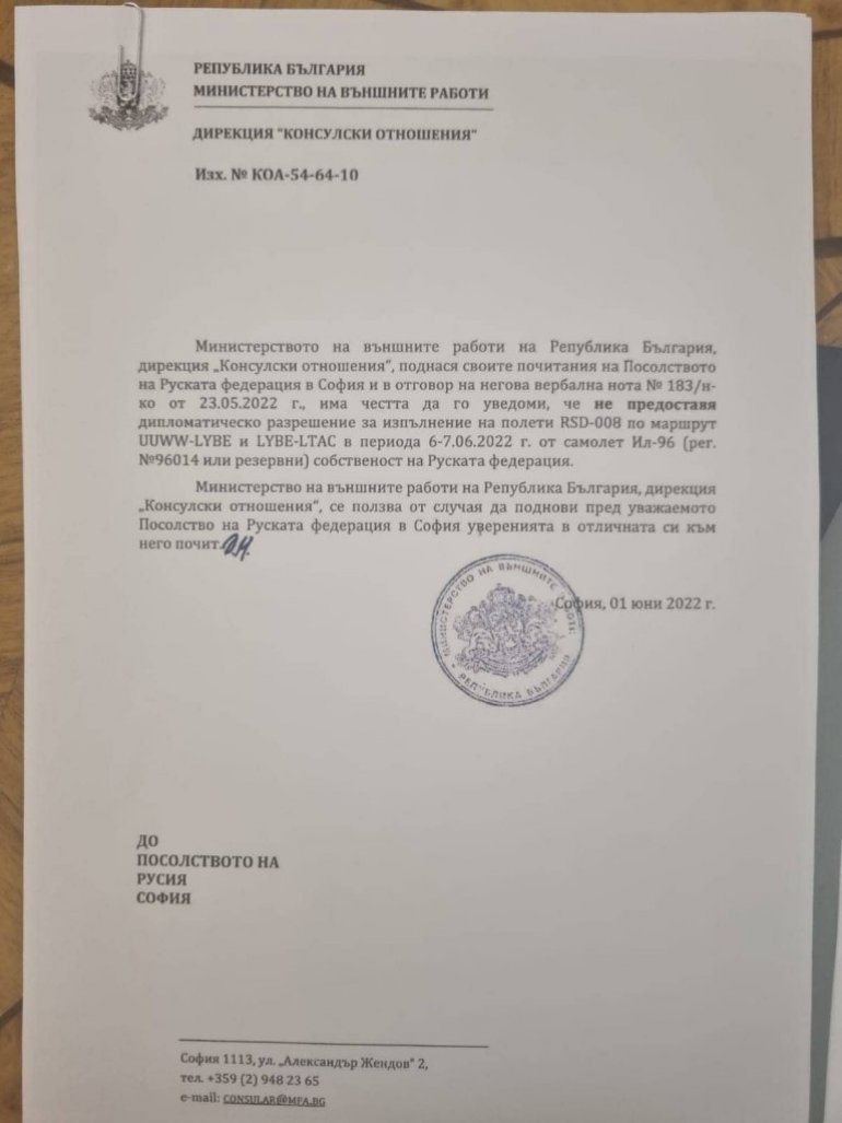 За затварянето на въздушното пространство на трите страни първо съобщи в неделя сръбският вестник "Вечерне новости", позовавайки се на собствен източник. "Министерството на външните работи с нота от 1 юни не предостави дипломатическо разрешение за изпълнение на руски полети над българска територия с министъра на външните работи на Руската федерация Сергей Лавров", обяви и българското МВнР днес. Решението е в съответствие със санкционните режими на Европейския съюз срещу Русия, обяснява министерството и допълва, че считано от 25 февруари 2022г., под номер 670 Сергей Викторович Лавров е включен в списъка с физически и юридически лица, обект на ограничителни мерки на ЕС, съгласно Регламент 269/2014 г.
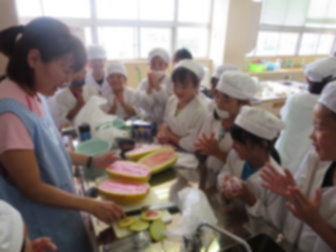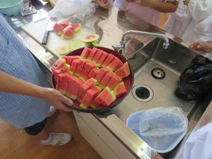 次に、期待を込めて、一番大きく育ったスイカを切ると、赤い色が目に飛び込んできて、大歓声があがりました。少しずつですが、クラス全員一切れずつ試食することができました。小さいながらも、甘くておいしいスイカでした。
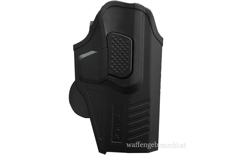 Holster passend für folgende Modelle: Glock 17 und 19, Smith & Wesson M&P9 und M&P45, Heckler & Koch USP und P8, Walther PPQ und P99.
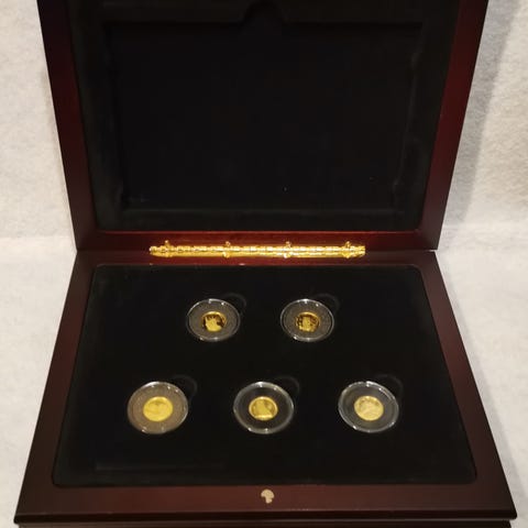 Hver gullmynt veier 1/25 oz (1,24 gram), å er preget i 999 gull.
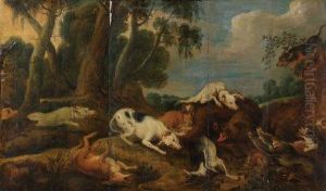 A Wild Boar Attacked By Hounds; And Wolves And Hounds Engaged In Afierce Struggle
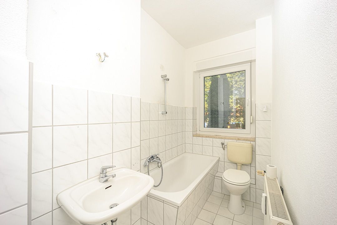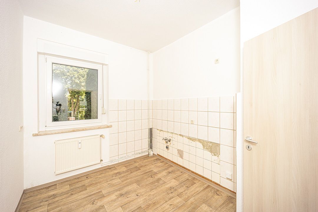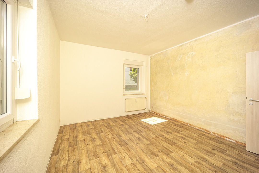 In der Bergmannsallee 11 kann im Erdgeschoss diese gemütliche 3-Raumwohnung angemietet werden. Die Decken, die Küche und der Flur sind bereits mit weißer Raufasertapete tapeziert. Die Wände im Wohn- und in den Schlafbereichen können nach den eigenen Vorstellungen tapeziert werden. Das Bad ist mit einer Wanne und einem Fenster ausgestattet. Die Küche ist separat und verfügt über ein Fenster. Hier wohnen Sie ruhig, sind schnell am Bahnhof und mit dem Bus auch schnell im 3-E-Center. Der Lidl sowie das Kaufland sind fußläufig erreichbar. Eine Kita und Schulen befinden sich ebenfalls in der Nähe. Bei Interesse vereinbaren Sie mit uns einen Termin. Wir freuen uns auf Sie.
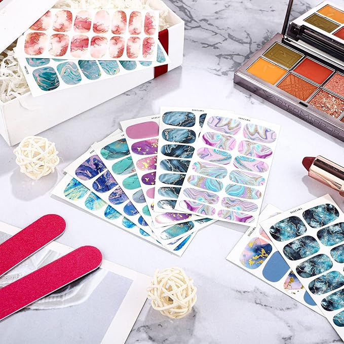 - Package content: there are 10 sheets of full nail wraps and 2 pieces of fingernail files, each sheet contains 14 pieces of nail polish stickers in different sizes, a variety of colors and designs for you to choose to make your nails look gorgeous at every moment
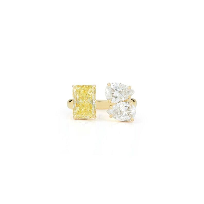 Toi et Moi แหวนเพชรสัญญาประดับเพชรลูกแพร์สีขาวและสีเหลืองมรกตสำหรับปลูกในห้องปฏิบัติการเครื่องประดับทอง14K สำหรับของขวัญหมั้นสำหรับพันธมิตร
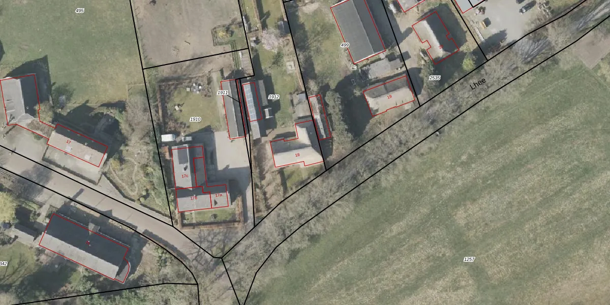 Het perceel waarop Lhee 18 staat heeft een oppervlakte van 1310 m². Dit is een zeer groot perceel. De perceeloppervlakte wordt geregistreerd door het Kadaster. Gedetailleerde informatie over de maten van dit perceel kunt u vinden in het rapport Kadastrale kaart met maatvoering van Lhee 18.
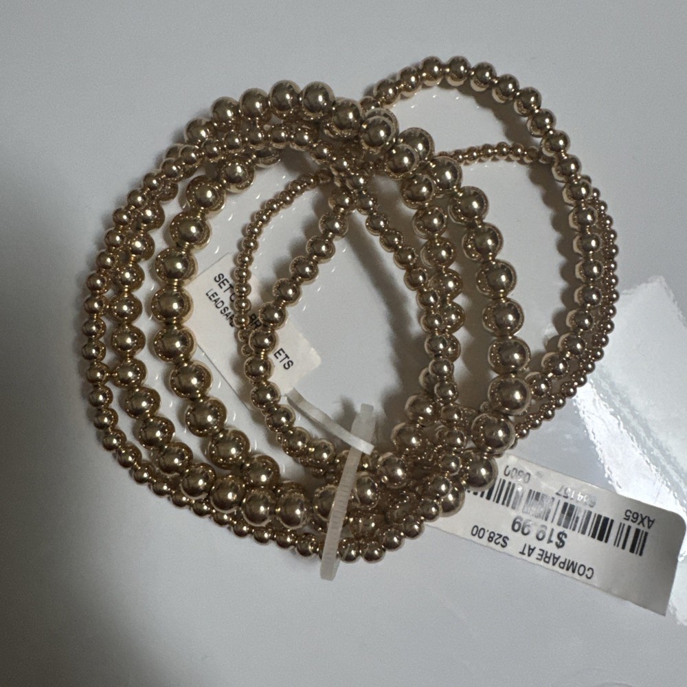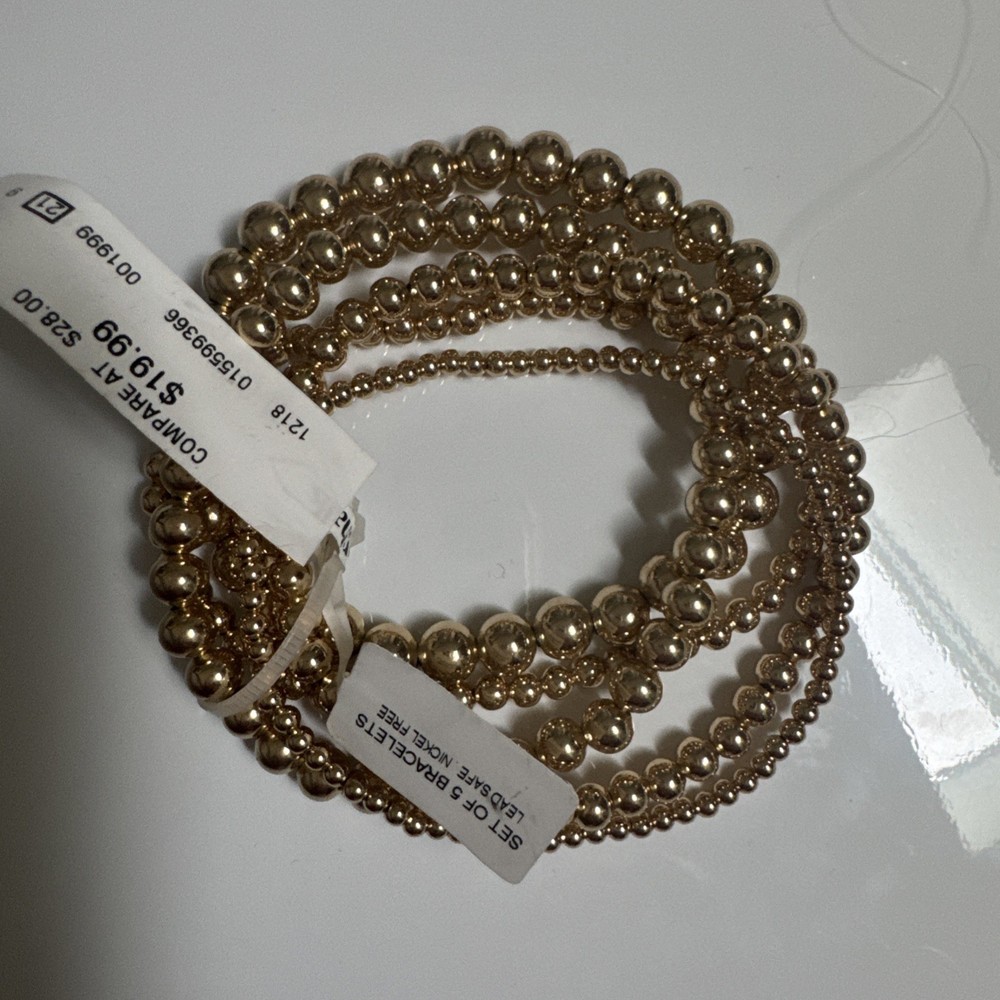Fun and lightweight. Multiple gold beaded bracelets look seriously rich and sexy.
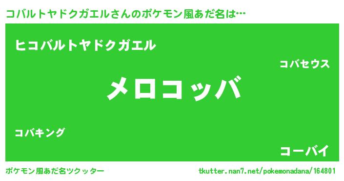 | 胡散臭い通販商品みたいなあだ名 | 『信頼と実績のサプリメント…その名も「コバルトヤドクガエル」』 |
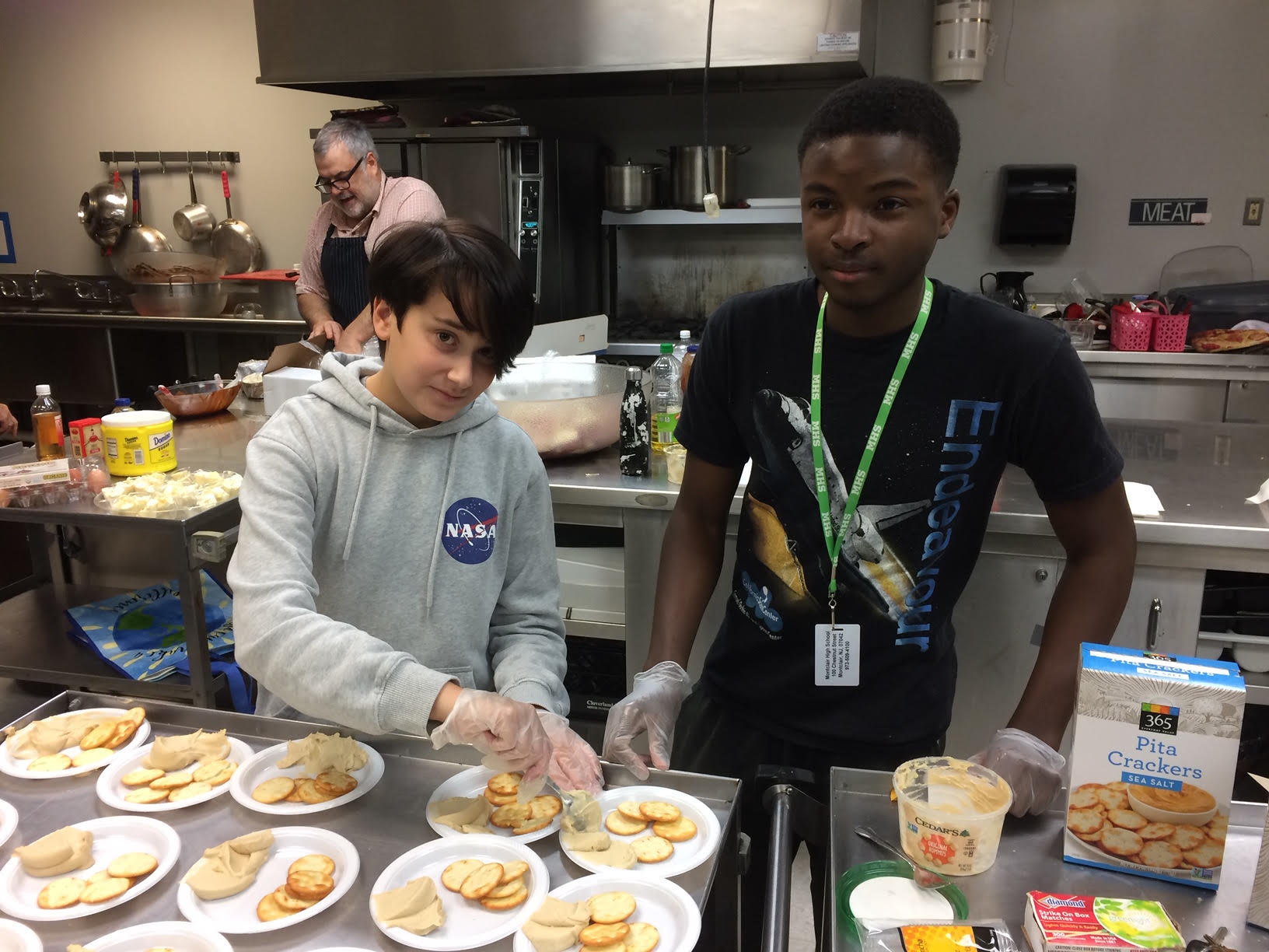The Lasiter family (John, Adrienne, and Elliott) stepped up with a delicious down home meal of pita chips and hummus, BBQ chicken, roasted potatoes, and cole slaw, rolls and spread, topped off with brownies and ice cream. Teen helpers included Glenfield student Jonah, and Montclair High’s Noah. Susan Rosenblatt washed a big stack of dishes. We all got a work out going up and down the stairs! Bonny from MESH and Joseph on security rounded out the crew.

Exercise description - Although the records contain pictures, print only the rest, exactly as written.

Finished exercise -
 За затварянето на въздушното пространство на трите страни първо съобщи в неделя сръбският вестник "Вечерне новости", позовавайки се на собствен източник. "Министерството на външните работи с нота от 1 юни не предостави дипломатическо разрешение за изпълнение на руски полети над българска територия с министъра на външните работи на Руската федерация Сергей Лавров", обяви и българското МВнР днес. Решението е в съответствие със санкционните режими на Европейския съюз срещу Русия, обяснява министерството и допълва, че считано от 25 февруари 2022г., под номер 670 Сергей Викторович Лавров е включен в списъка с физически и юридически лица, обект на ограничителни мерки на ЕС, съгласно Регламент 269/2014 г.
 次に、期待を込めて、一番大きく育ったスイカを切ると、赤い色が目に飛び込んできて、大歓声があがりました。少しずつですが、クラス全員一切れずつ試食することができました。小さいながらも、甘くておいしいスイカでした。
 Holster passend für folgende Modelle: Glock 17 und 19, Smith & Wesson M&P9 und M&P45, Heckler & Koch USP und P8, Walther PPQ und P99.
 Hver gullmynt veier 1/25 oz (1,24 gram), å er preget i 999 gull.
 A Wild Boar Attacked By Hounds; And Wolves And Hounds Engaged In Afierce Struggle
 In der Bergmannsallee 11 kann im Erdgeschoss diese gemütliche 3-Raumwohnung angemietet werden. Die Decken, die Küche und der Flur sind bereits mit weißer Raufasertapete tapeziert. Die Wände im Wohn- und in den Schlafbereichen können nach den eigenen Vorstellungen tapeziert werden. Das Bad ist mit einer Wanne und einem Fenster ausgestattet. Die Küche ist separat und verfügt über ein Fenster. Hier wohnen Sie ruhig, sind schnell am Bahnhof und mit dem Bus auch schnell im 3-E-Center. Der Lidl sowie das Kaufland sind fußläufig erreichbar. Eine Kita und Schulen befinden sich ebenfalls in der Nähe. Bei Interesse vereinbaren Sie mit uns einen Termin. Wir freuen uns auf Sie.
 - Package content: there are 10 sheets of full nail wraps and 2 pieces of fingernail files, each sheet contains 14 pieces of nail polish stickers in different sizes, a variety of colors and designs for you to choose to make your nails look gorgeous at every moment
 Toi et Moi แหวนเพชรสัญญาประดับเพชรลูกแพร์สีขาวและสีเหลืองมรกตสำหรับปลูกในห้องปฏิบัติการเครื่องประดับทอง14K สำหรับของขวัญหมั้นสำหรับพันธมิตร
 Het perceel waarop Lhee 18 staat heeft een oppervlakte van 1310 m². Dit is een zeer groot perceel. De perceeloppervlakte wordt geregistreerd door het Kadaster. Gedetailleerde informatie over de maten van dit perceel kunt u vinden in het rapport Kadastrale kaart met maatvoering van Lhee 18.
Fun and lightweight. Multiple gold beaded bracelets look seriously rich and sexy.
 | 胡散臭い通販商品みたいなあだ名 | 『信頼と実績のサプリメント…その名も「コバルトヤドクガエル」』 |
The Lasiter family (John, Adrienne, and Elliott) stepped up with a delicious down home meal of pita chips and hummus, BBQ chicken, roasted potatoes, and cole slaw, rolls and spread, topped off with brownies and ice cream. Teen helpers included Glenfield student Jonah, and Montclair High’s Noah. Susan Rosenblatt washed a big stack of dishes. We all got a work out going up and down the stairs! Bonny from MESH and Joseph on security rounded out the crew.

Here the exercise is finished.